Convergent evolution and climate

Convergent evolution is a central topic in comparative biology because it is often taken as evidence of adaptation by natural selection. Similar attributes in unrelated groups reflect adaptative responses to similar environmental pressures, even though the initial ancestors states were different. Convergent evolution has been documented in many cases, including classic examples involving morphological, ecological and behavioral similarities between placental and marsupial ‘wolves’, the similar wing shape and size of bats and birds, or the morphological similarity between the cacti of the Americas and spurges and milkweeds of Africa. Because the central prediction of convergence is similar organismal structure and function in similar environmental contexts, it is crucial to evaluate the similarity of the environment just as carefully as organismal similarity.

Most convergence studies have focused on biological attributes as opposed to environmental ones, including morphology, community structure, physiology and species diversity. All these studies have provided useful information to understand convergence, but because they included only qualitative descriptions of the environment or coarse climatic measurements, they have left untested the crucial assumption of similar environmental pressures. Newly available climate data allow examination of the environmental aspect of convergence predictions. Convergence in climatic conditions can be interpreted as overlap in environmental space; in contrast, divergence can be interpreted as different areas in environmental space.

To test the hypothesis of convergence in environmental requirements quantitatively, a recent paper in Annals of Botany examines the classic example of apparent convergent evolution between the succulent plants of the American arid regions, the cacti, and their distantly related African analogues, the milkweeds (Apocynaceae), spurges (Euphorbiaceae) and ice-plants (Aizoaceae). This case has illustrated convergent evolution in countless publications for over 100 years. Comparing environmental similarity using niche modelling tools, randomization tests of niche similarity and multivariate analyses for 19 bioclimatic variables, the authors find that although the sites selected have ‘similar’ but unrelated life forms, almost all the results highlight more climate differences than similarities between the hotspots. A coarser perspective shows that the sites are similar as drylands with relatively moderate drought and mild temperatures, but the results highlight the potentially objective nature of ascribing ‘similarity’ in such studies.
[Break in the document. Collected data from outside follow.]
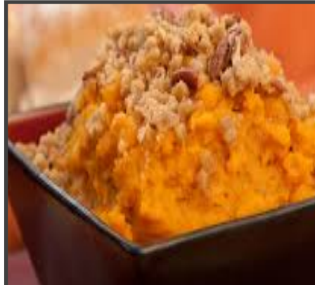
SWEET POTATO CASSEROLE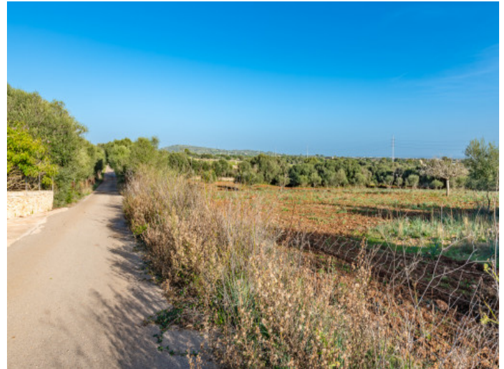
Asphalted road to the plot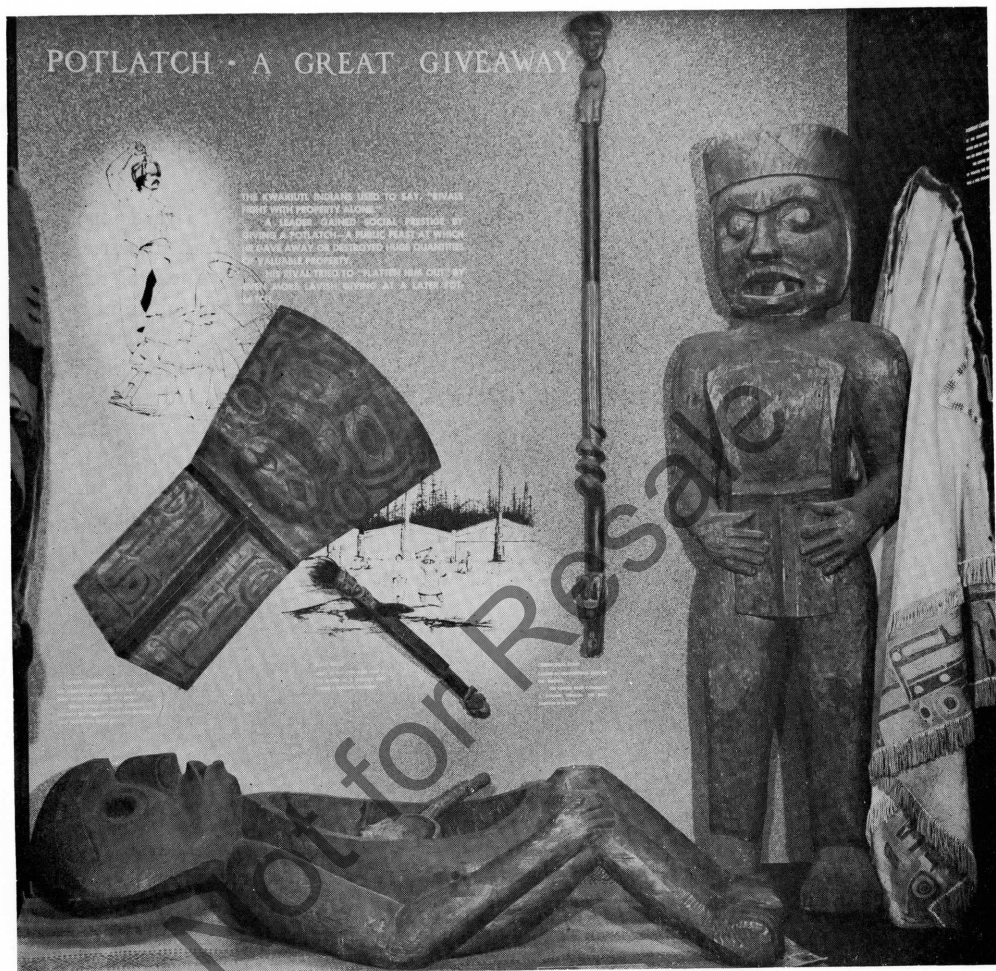
Plate I. Smithsonian Institution Museum of Natural History.

On their own testimony, one can eliminate most of these traders as the manufacturers of the chief's copper, although several no doubt had a hand in its transition from the prototype to its later standardized form. LaPerouse, in discussing iron daggers seen in the hands of the Tlingit at Lituya Bay in 1786 said, "Some of them were also made of copper but they did not appear to prefer them to others. This last metal is common enough among them, they more particularly use it for collars, bracelets and different other ornaments; they also tip the points of their arrows with it. . . ." (LaPerouse, 1798).

To converge or not to converge in environmental space: testing for similar environments between analogous succulent plants of North America and Africa. Annals of Botany (2013) 111 (6): 1125-1138. doi: 10.1093/aob/mct078
Convergent evolution is invoked to explain similarity between unrelated organisms in similar environments, but most evaluations of convergence analyse similarity of organismal attributes rather than of the environment. This study focuses on the globular succulent plants of the Americas, the cacti, and their counterparts in Africa in the ice-plant, spurge and milkweed families. Though often held up as paragons of convergent morphological evolution, the environmental similarity of these plants has remained largely unexamined from a quantitative perspective. Five hotspots (centres of high species diversity of globular succulents) were selected, two in Mexico and three in South Africa. Their environments were compared using niche modelling tools, randomization tests of niche similarity and multivariate analyses to test for environmental similarity. Although the sites selected have ‘similar’ but unrelated life forms, almost all our results highlighted more climate differences than similarities between the hotspots. Interprediction of niches within and between continents, a niche equivalence test, and MANOVA results showed significant differences. In contrast, a niche similarity test showed that the comparisons of Cuatrociénegas–Richtersveld, Huizache–Knersvlakte and Huizache–Richtersveld were similar. Differences in rainfall and temperature regimes and the potential effect of edaphic factors may be involved in the differences between the hotspots. In addition, differences in structure, morphology and physiology of the globular succulents may coincide with some of the climatic dissimilarities; i.e. given convergence as the evolution of similar morphologies under similar conditions, then it may be that differing environments diagnose inconspicuous morphological differences. Moreover, although fine-scale differences between sites were found, a coarser perspective shows that these sites are clearly similar as drylands with relatively moderate drought and mild temperatures, illustrating how all studies of convergence must address the issue of how similar two entities must be before they are considered convergent.